_Work request:_ Once you have located the line containing "O empreendimento será" in the material below, return it exactly along with each line after it through the line containing "-In the case".

*** Opening of Data under study ***

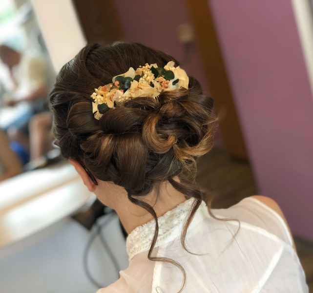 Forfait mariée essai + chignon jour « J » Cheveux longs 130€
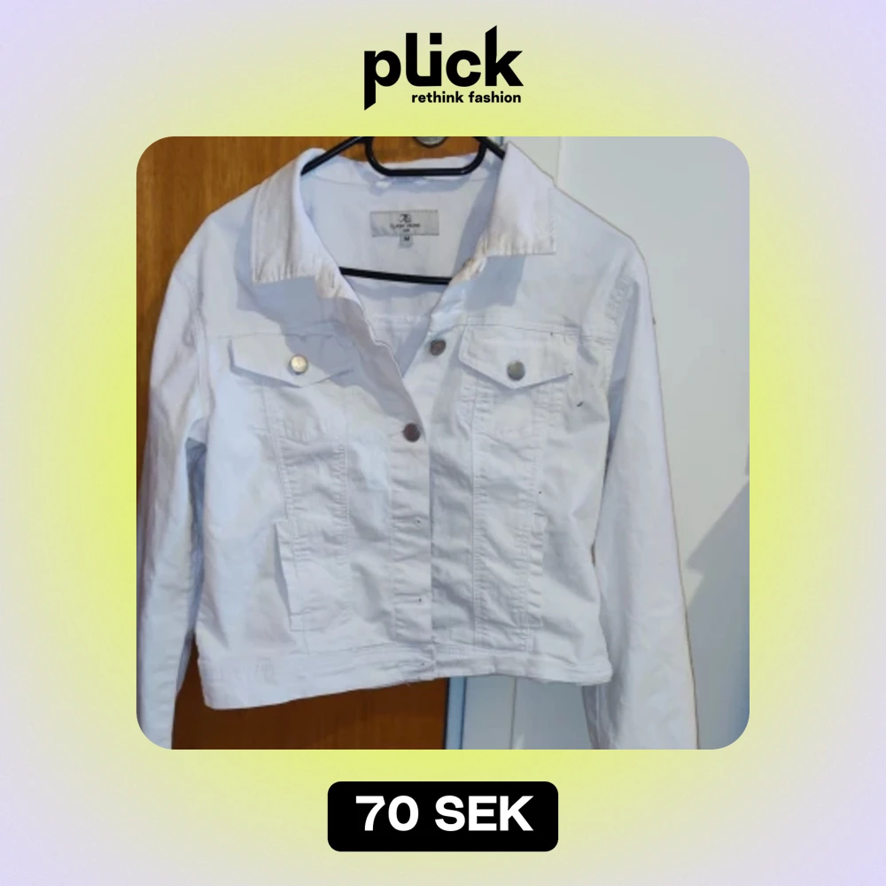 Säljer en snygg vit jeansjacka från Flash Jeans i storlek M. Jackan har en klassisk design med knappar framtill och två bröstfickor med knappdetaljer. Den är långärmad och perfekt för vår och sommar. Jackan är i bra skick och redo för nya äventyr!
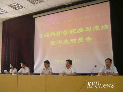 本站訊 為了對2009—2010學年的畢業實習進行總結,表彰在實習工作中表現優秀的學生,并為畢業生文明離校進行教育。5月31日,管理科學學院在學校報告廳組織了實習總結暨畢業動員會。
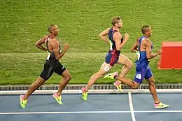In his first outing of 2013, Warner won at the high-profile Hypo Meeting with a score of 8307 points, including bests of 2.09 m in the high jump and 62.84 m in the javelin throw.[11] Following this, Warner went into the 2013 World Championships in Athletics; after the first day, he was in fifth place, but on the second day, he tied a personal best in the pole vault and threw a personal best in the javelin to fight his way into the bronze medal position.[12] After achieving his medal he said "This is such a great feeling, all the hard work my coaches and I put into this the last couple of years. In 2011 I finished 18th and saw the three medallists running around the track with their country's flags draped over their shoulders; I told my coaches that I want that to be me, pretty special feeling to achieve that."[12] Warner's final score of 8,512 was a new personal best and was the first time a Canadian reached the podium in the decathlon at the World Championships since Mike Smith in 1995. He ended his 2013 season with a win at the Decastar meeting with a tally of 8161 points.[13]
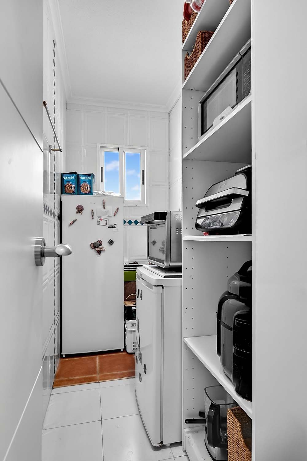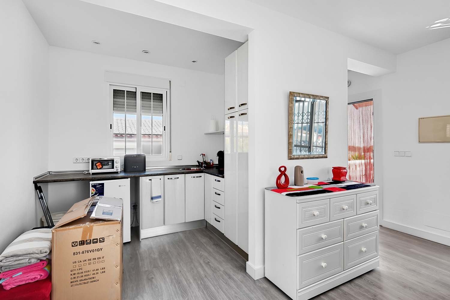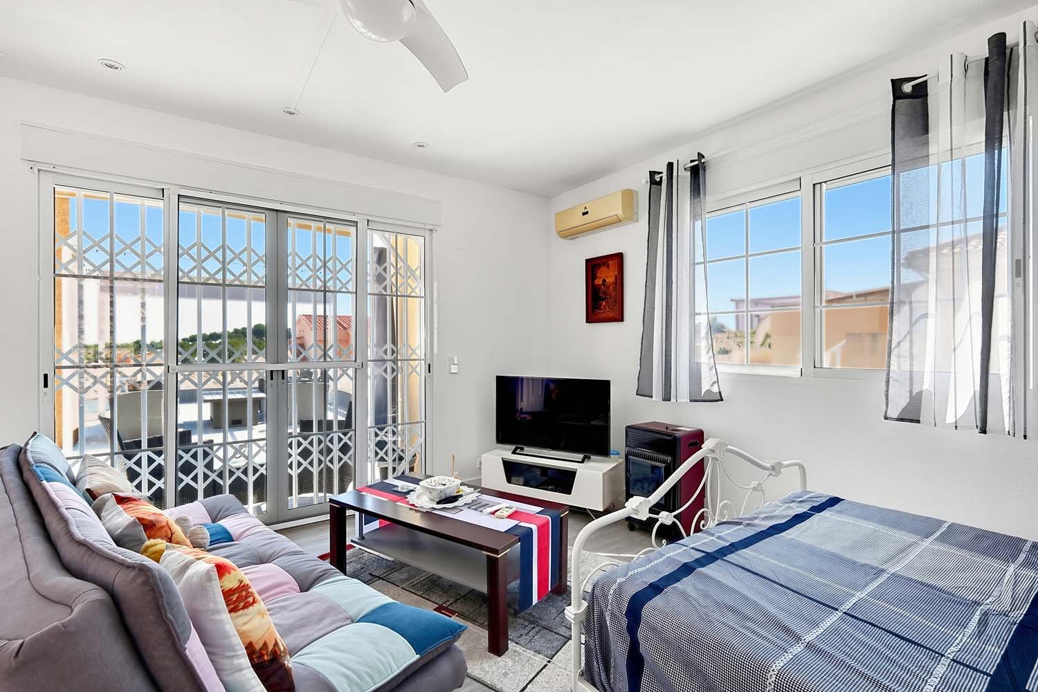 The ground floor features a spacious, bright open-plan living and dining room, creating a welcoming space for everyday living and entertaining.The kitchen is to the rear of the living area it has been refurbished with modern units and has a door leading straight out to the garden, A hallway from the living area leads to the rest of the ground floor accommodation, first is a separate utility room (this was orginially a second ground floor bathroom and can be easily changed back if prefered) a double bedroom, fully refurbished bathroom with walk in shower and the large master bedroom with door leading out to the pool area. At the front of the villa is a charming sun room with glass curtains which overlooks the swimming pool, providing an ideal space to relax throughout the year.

*** Close of Data under study ***
*** Opening of Data under study ***

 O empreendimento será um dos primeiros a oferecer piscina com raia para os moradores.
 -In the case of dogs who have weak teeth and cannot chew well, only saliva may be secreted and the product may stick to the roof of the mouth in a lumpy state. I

*** Close of Data under study ***

_Answer box:_
 O empreendimento será um dos primeiros a oferecer piscina com raia para os moradores.
 -In the case of dogs who have weak teeth and cannot chew well, only saliva may be secreted and the product may stick to the roof of the mouth in a lumpy state. I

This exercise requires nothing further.